◆ **Goal of the exercise**
Return the lines that run from the beginning of the entries to the line holding "Oil on canvas", inclusive, and drop the pictures.

+---+

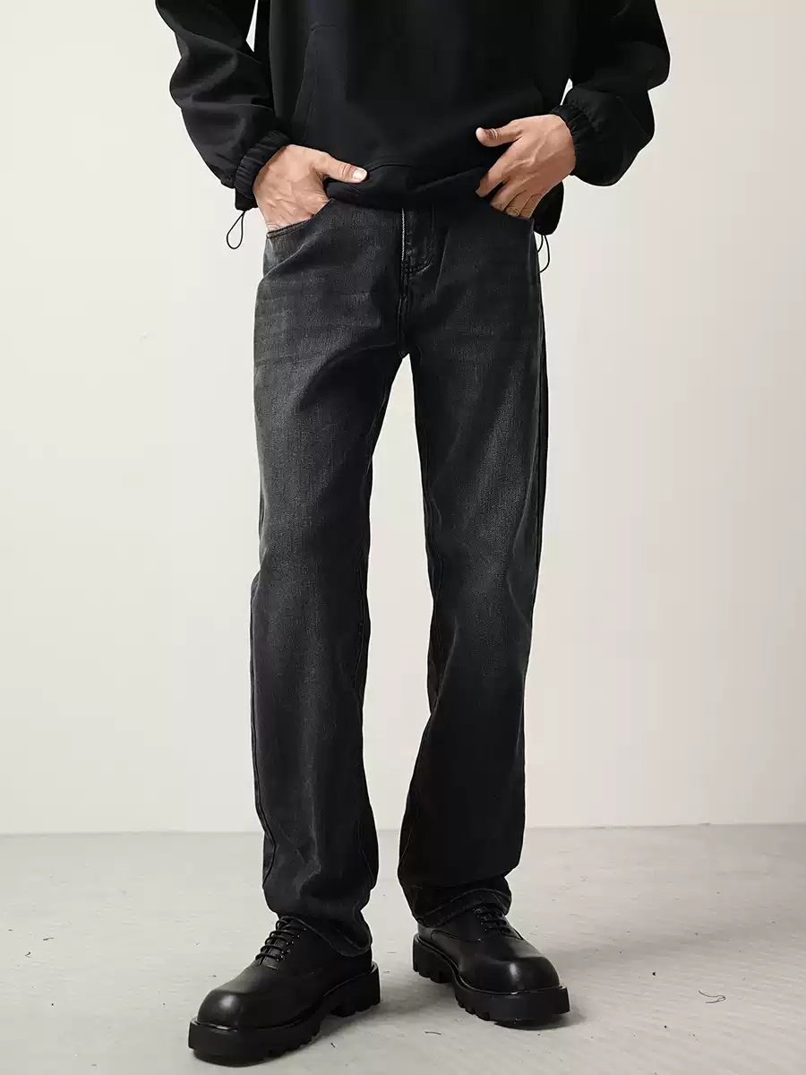 高端复古宽松牛仔裤男秋冬新款加绒黑色水洗直筒休闲长裤子
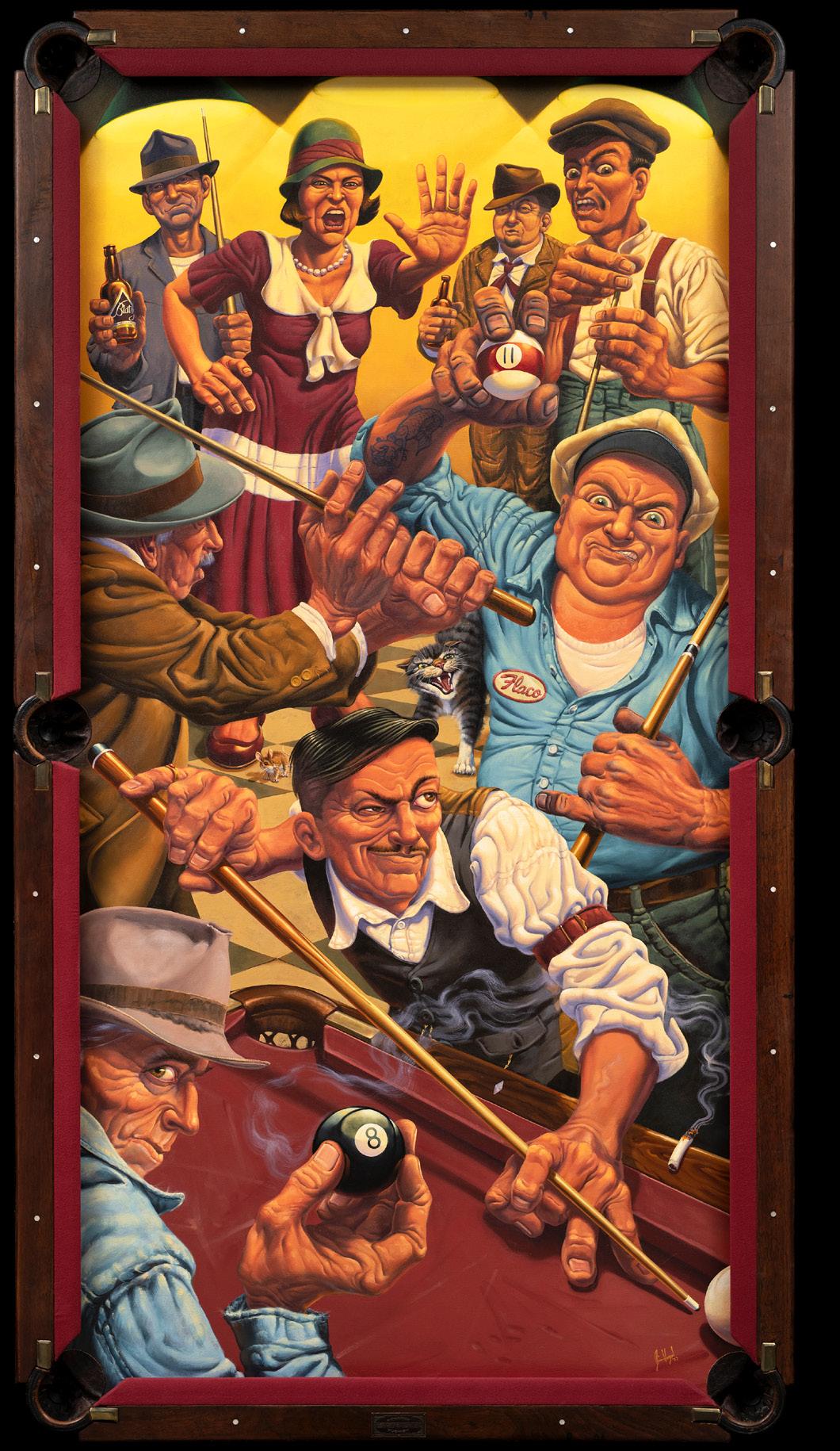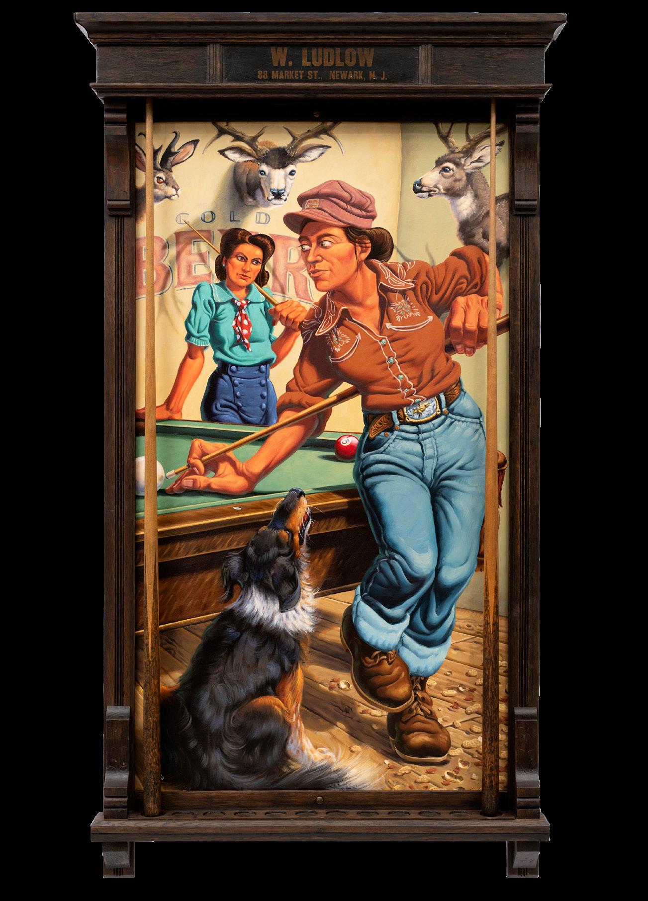 Oil on canvas panel with antique pool cue rack Frame in collaboration with Christen Vogel
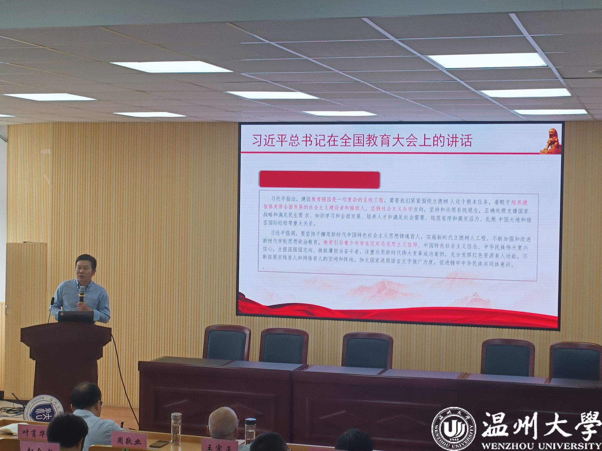会上,周敬业书记带领大家学习习近平总书记在全国教育大会上的重要讲话和全国教育大会精神。会议强调要紧紧围绕立德树人根本任务,朝着建成教育强国战略目标扎实迈进。同时,还传达省委十五届五次全会与市委十三届六次全会精神,全面学习贯彻党的二十届三中全会精神,进一步全面深化改革,为在奋进中国式现代化新征程上,谱写新篇章。
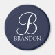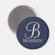 Imã Monograma e Nome de Script Personalizado Azul-mari
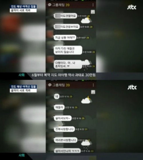 교사는 학생들에게 "괜찮니?"라고 안부를 물었고 이에 학생들은 각자의 생사 여부를 전했다. 이어 배가 기울어져가는 상황인 9시20분에는 "얘들아 살아서 보자" "전부 사랑합니다"라며 끝까지 서로를 격려하는 모습을 보였다.
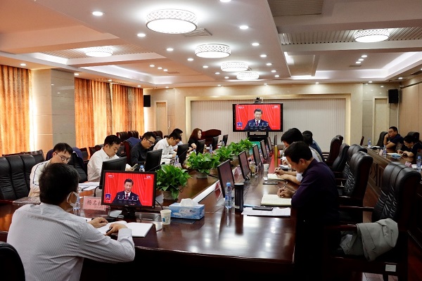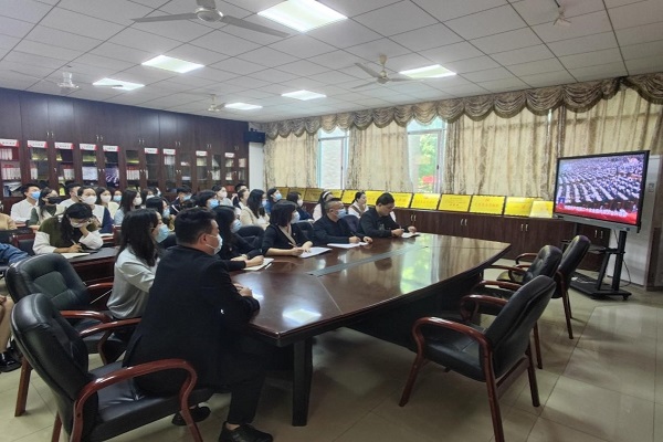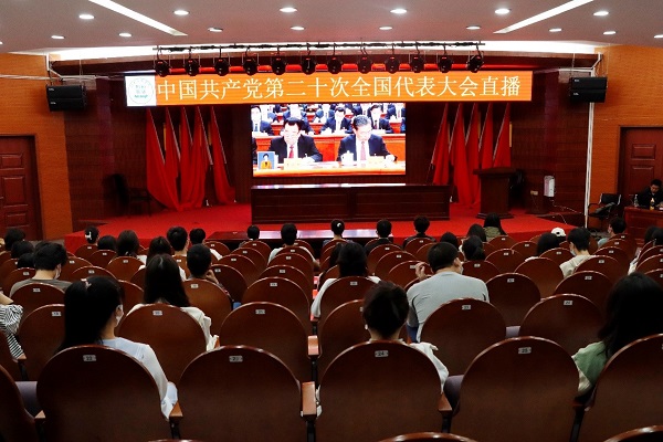 (本网讯 俞少华 报道)10月16日上午10时,中国共产党第二十次全国代表大会在北京人民大会堂隆重召开,习近平总书记代表第十九届中央委员会向大会作报告。我校认真组织师生集中收听收看党的二十大开幕会盛况、聆听学习习近平总书记所作报告。学校全体党政领导班子成员及党委中心组成员在行政楼七楼参加收看。
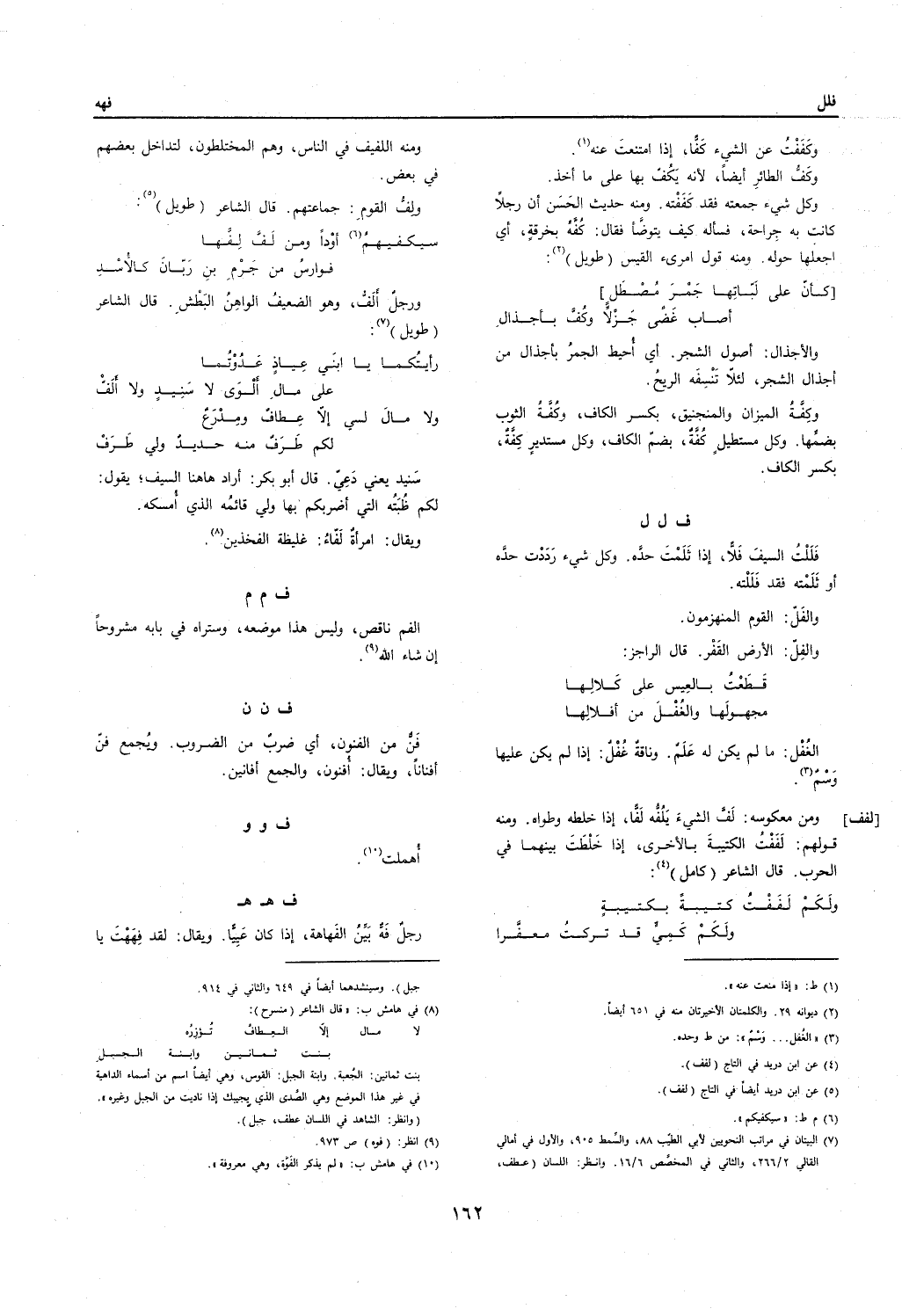 [لفف] وَمن معكوسه: لف الشَّيْء يلفه لفا إِذا خلطه وطواه. وَمِنْه قَوْلهم: لففت الكتيبة بِالْأُخْرَى إِذا خلطت بَينهمَا فِي الْحَرْب. قَالَ الشَّاعِر // (كَامِل) //:

+---+

◆ **Answer to the exercise**
 高端复古宽松牛仔裤男秋冬新款加绒黑色水洗直筒休闲长裤子
 Oil on canvas panel with antique pool cue rack Frame in collaboration with Christen Vogel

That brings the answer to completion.